Créer du bien-être virtuel depuis son salon

Simon Gallo au travail chez lui. Crédit : S. Gallo (EPFL)

Simon Gallo au travail chez lui. Crédit : S. Gallo (EPFL)

Le 12 mars 2020, le campus de l’EPFL fermait en raison des restrictions dues au Covid-19. Simon Gallo, postdoctorant au Brain Mind Institute de l’EPFL et cofondateur de la start-up robotique Metaphysiks Engineering, s’est retrouvé confiné chez lui avec un prototype nécessitant une mise à niveau.
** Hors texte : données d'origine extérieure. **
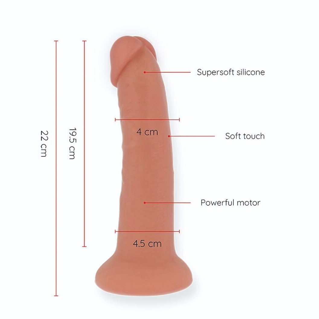 Общая длина изделия составляет 22 см, из которых рабочая (вводимая) часть — 19,5 см, а диаметр — 4,5 см. Такая эргономика делает его удобным для использования как в одиночку, так и в паре. Гибкость материала в сочетании с устойчивым основанием гарантирует комфорт в любых позах. Для сохранения свойств силикона рекомендуется использовать лубриканты строго на водной основе. После применения игрушку достаточно промыть теплой водой с мягким мылом или воспользоваться специальным антисептиком для интимных изделий.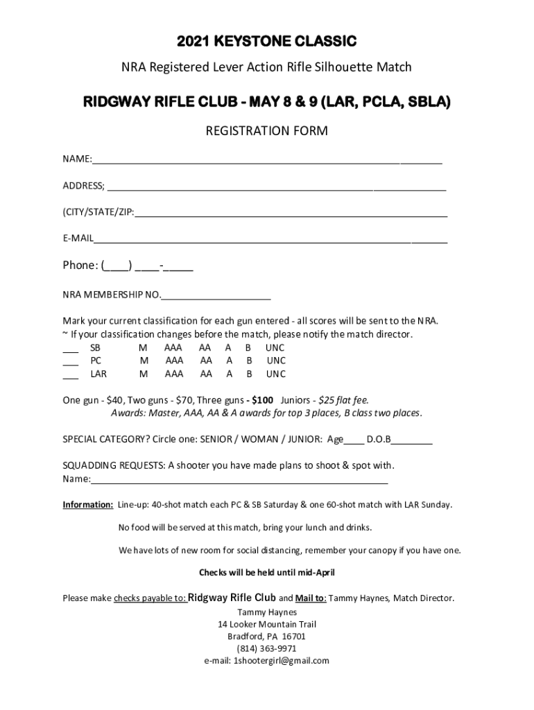 2021 KEYSTONE CLASSIC NRA Registered Lever Action Rifle Silhouette Match RIDGWAY RIFLE CLUB MAY 8 & 9 (LAR, PCLA, SBLA) REGISTRATION FORM NAME:___ ADDRESS; ___ (CITY/STATE/ZIP:___ EMAIL___Phone: (___)

Des échéances commerciales approchant, Gallo a compris qu’il allait devoir s’adonner aux sciences expérimentales... depuis chez lui !

Créée en 2019, la start-up Metaphysiks Engineering est issue d’une coopération entre le Laboratoire de neurosciences cognitives d’Olaf Blanke et le laboratoire de systèmes robotiques de Hannes Bleuler, appartenant tous deux à l’EPFL. La société développe des dispositifs « tactiles » en silicone permettant de stimuler le sens du toucher à travers des vibrations, mais aussi des changements de pression et de température.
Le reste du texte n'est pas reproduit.